Notice that TF resources kubectl_manifest.karpenter_provisioner[0] and kubectl_manifest.karpenter_node_group_template[0] are reported as not found and removed from state. They are never selected for destruction by TF during the destroy phase which leaves them behind.

Expected behavior

The Kubernetes resource should not be left behind.

Troubleshooting

After doing terraform destroy, the Kubernetes resource is left behind.

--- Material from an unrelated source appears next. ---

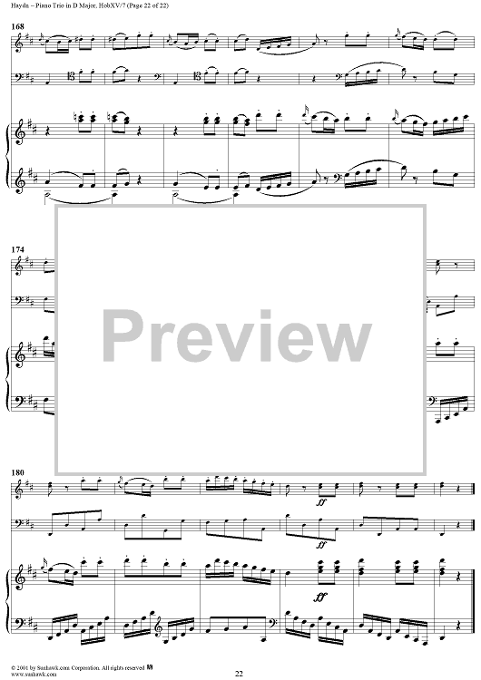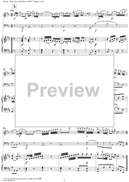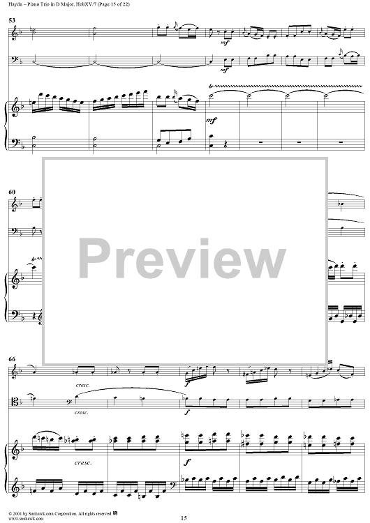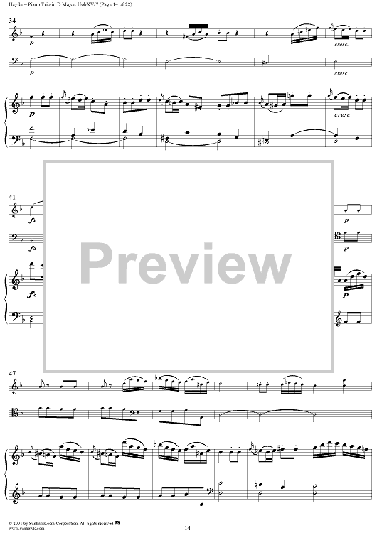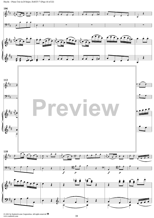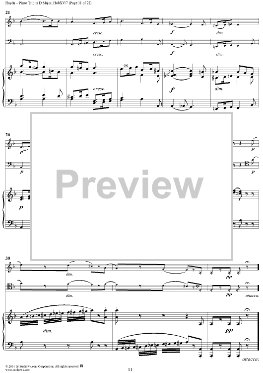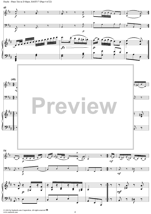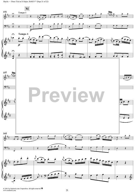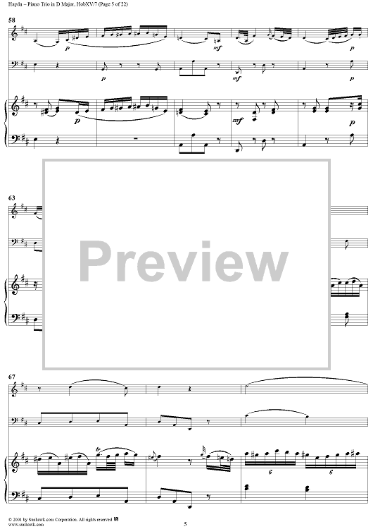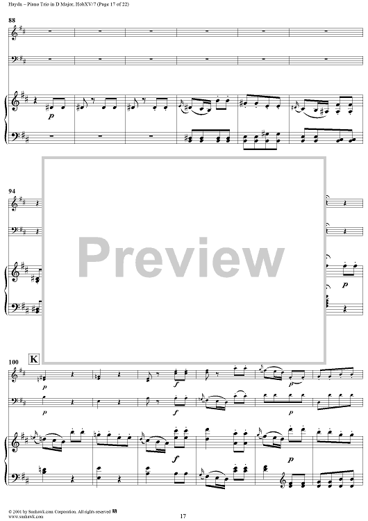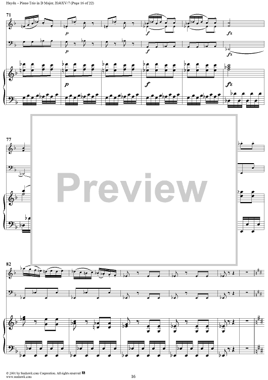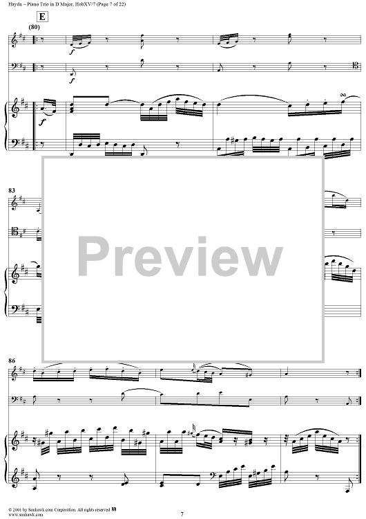 Digital Sheet Music for Piano Trio in D Major, HobXV/7 - Piano Score by Franz Joseph Haydn scored for Piano Trio; id:265938

$ kubectl get provisioners.karpenter.sh
NAME      AGE
default   87m

The relevant code here treats 404 (Not Found) and 410 (Gone) errors equally as resource not found. I was expecting that this might be problematic and looked in the K8s audit logs.

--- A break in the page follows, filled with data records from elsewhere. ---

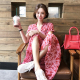 鬼鬼家韩国代购 gossip 浪漫碎花 褶皱材质V领洋气系带连衣裙
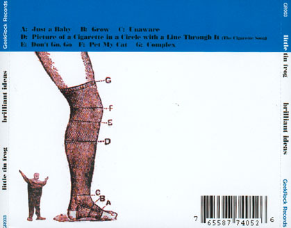 My lesson learned here is this: don't label your songs as letters, no matter how well it ties in with the artwork. There seem to be a lot of people who don't enjoy counting, even to lowish numbers like seven, and they delight in letting you know. As an aside, the "Happy Man" (in the lower left corner) also appeared on several of our mailers, to the delight of me.
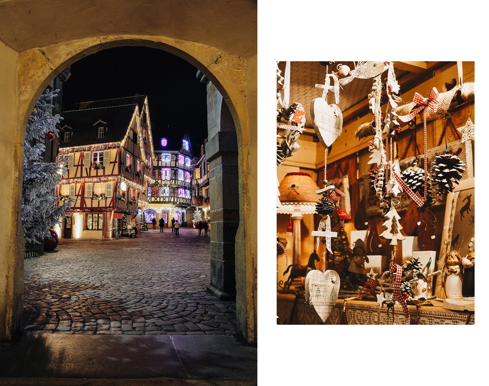 De nombreux Alsaciens nous avaient conseillé de visiter Colmar à Noël, et nous comprenons désormais pourquoi. Ici, vous plongez dans un véritable marché de Noël, avec de splendides chalets en bois, des décorations traditionnelles, des tissus locaux et un artisanat alsacien mis à l’honneur.
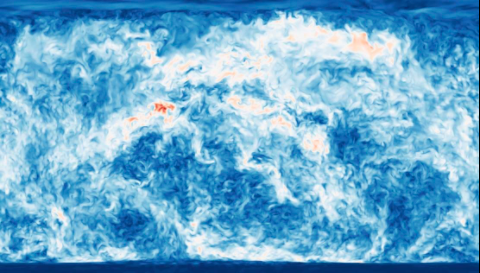 Vertical cross-section of the turbulent flow inside a star where carbon fusion at the bottom of the image makes the plasma buoyant and drives turbulence. The colour indicates the speed of the plasma.
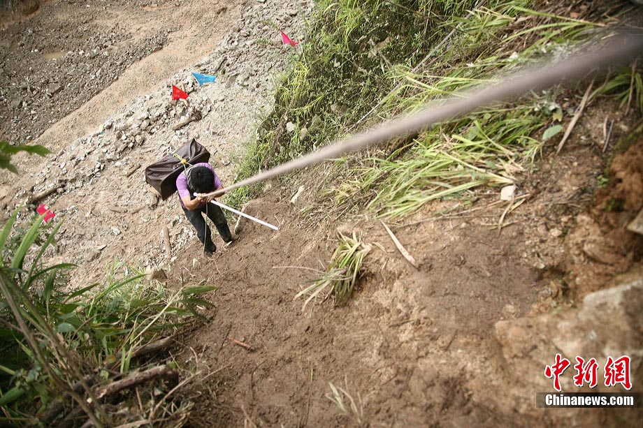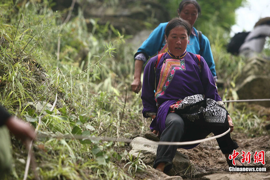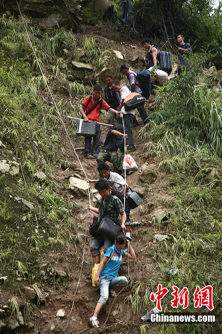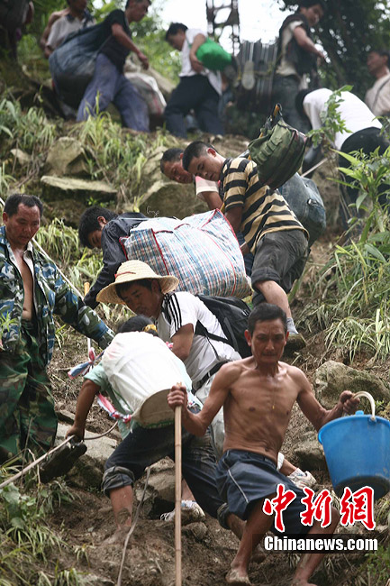 8月18日,汶川地區(qū)普降暴雨,岷江河水位再度上漲,由于汶川境內(nèi)213國(guó)道仍然處于中斷狀態(tài),受災(zāi)群眾依然只能徒步翻山越嶺撤離家園,部分山勢(shì)陡峭,群眾只能靠繩索通往。中新社發(fā) 張浪 攝

In the K8s API server Audit Trail in CloudWatch, you can see that there are no requests for this resource around 11:59:10 (the terraform client is running in GMT+3 timezone) which makes me think that this is some kind of client caching problem or incorrect URI is used.

Screenshot 2024-06-13 at 15 06 46

The resource was created at 10:46:46.530:

Screenshot 2024-06-13 at 15 07 27

This is the only NOK response (404) before the resource has been created.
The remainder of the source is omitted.